Verify that your Lambda function is receiving OPC-UA Publishes and posting them onto Greengrass

As described in the Architecture section, your Lambda function should start receiving messages from your OPC-UA server. If you are using your own custom OPC-UA server, make sure you trigger a change in the OPC-UA node Id you specified, so that you see the change received by your Lambda function. If you are using the example server above, the PumpSpeed node is configured to simulate a series of consecutive updates, so you should expect your Lambda function to receive multiple messages a second.

You can see messages received by your Lambda function in one of two ways:

  • Watch the Lambda function’s logs

    You can view the logs from your Lambda function by running the following command:

    sudo cat ggc/var/log/user/us-west-2/your_account_id/your_function_name.log

    The logs should look similar to:

    [2017-11-14T16:33:09.05Z][INFO]-started subscription : 305964 [2017-11-14T16:33:09.05Z][INFO]-monitoring node id = ns=1;s=PumpSpeed [2017-11-14T16:33:09.099Z][INFO]-monitoredItem initialized [2017-11-15T23:49:34.752Z][INFO]-Publishing message on topic "/opcua/server/node/MyPumpSpeed" with Payload "{"id":"ns=1;s=PumpSpeed","value":{"dataType":"Double","arrayType":"Scalar","value":237.5250759433095}}"
  • Configure Greengrass to forward messages from your Lambda function to the IoT Cloud.

    Follow the steps outlined in Verify the Lambda Function Is Running on the Device to receive messages on the AWS IoT Core console.


  • Make sure there is a Subscription from your Lambda function going to the IoT Cloud. Details are in Configure the Lambda Function for AWS IoT Greengrass.

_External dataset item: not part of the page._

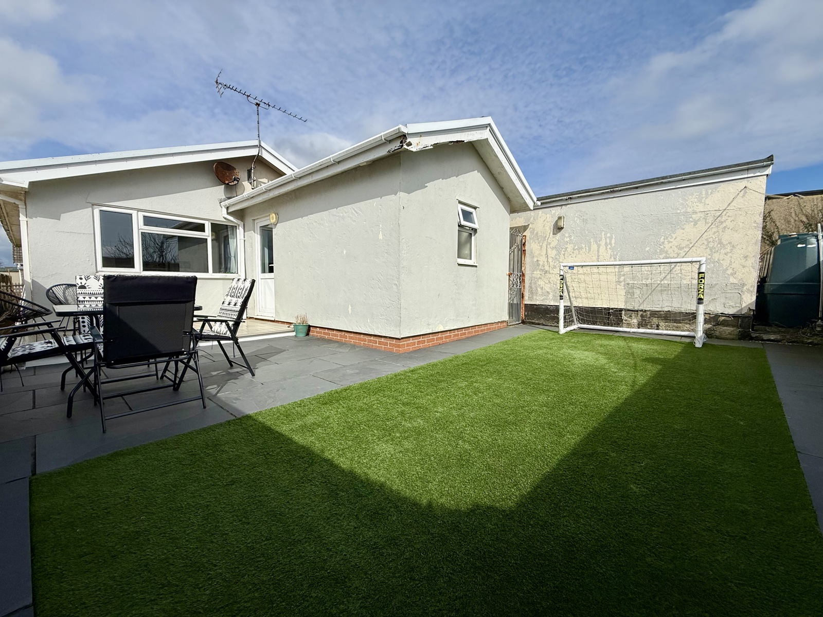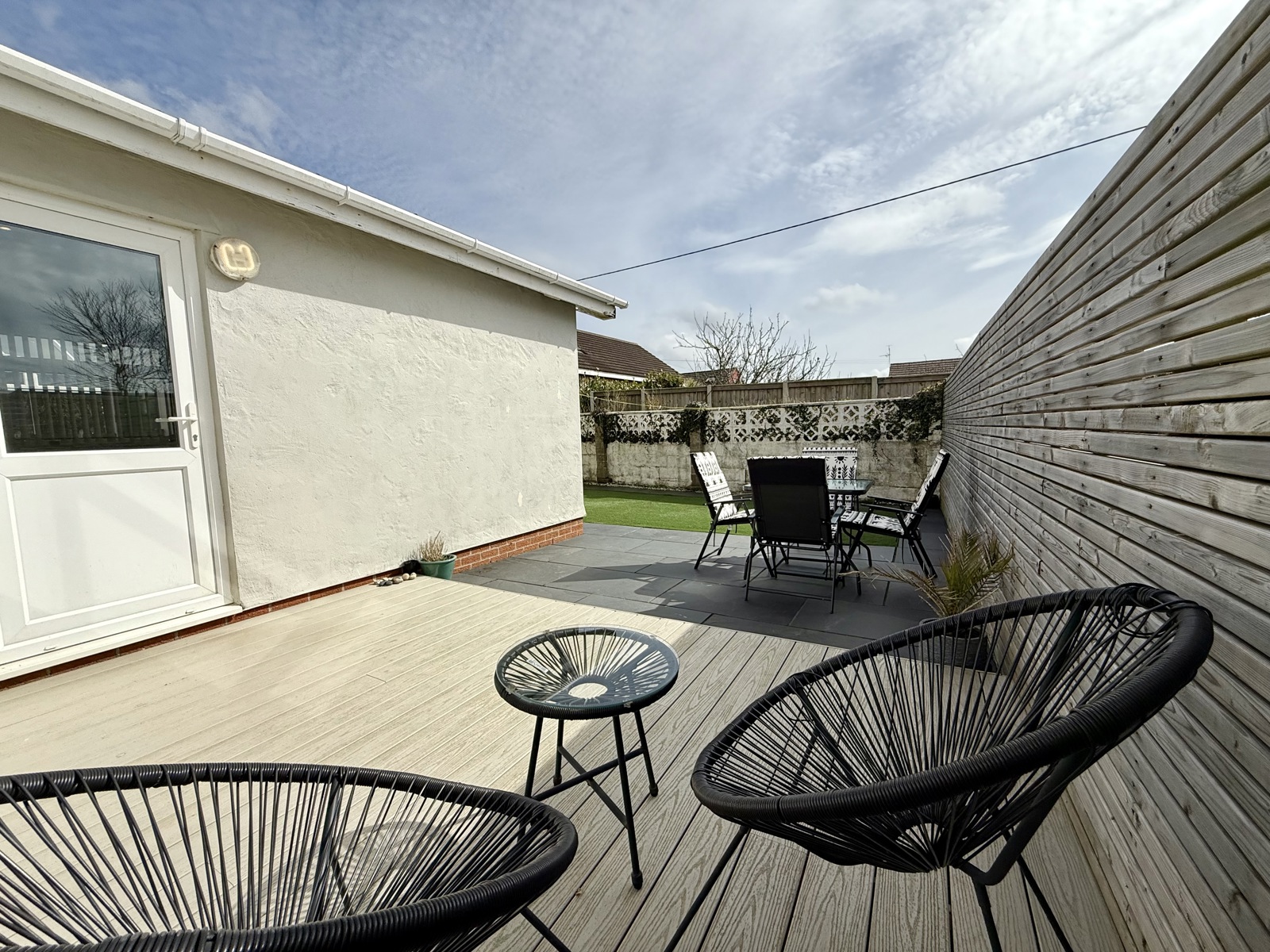 At the front of the property, there is a lawned garden with a driveway on one side that leads to a single garage. At the rear, you'll find a enclosed, low-maintenance garden featuring a raised decking area and a lawn.

  • Since messages are forwarded to the cloud, make sure you terminate either the example server you configured above, or stop the Greengrass core, so that you don't end up publishing a lot of messages to IoT cloud and getting charged for them!

Next Steps

With Greengrass, you can use this same architecture to create your own implementation of OPC-UA, and also implement your own support for custom, legacy, and proprietary messaging protocols. Since Lambda functions running on Greengrass cores have access to network resources, you can use them to implement support for any protocol that rides on top of TCP-IP. In addition, you can also take advantage of Greengrass Local Resource Access to implement support for protocols that need access to hardware adapters/drivers.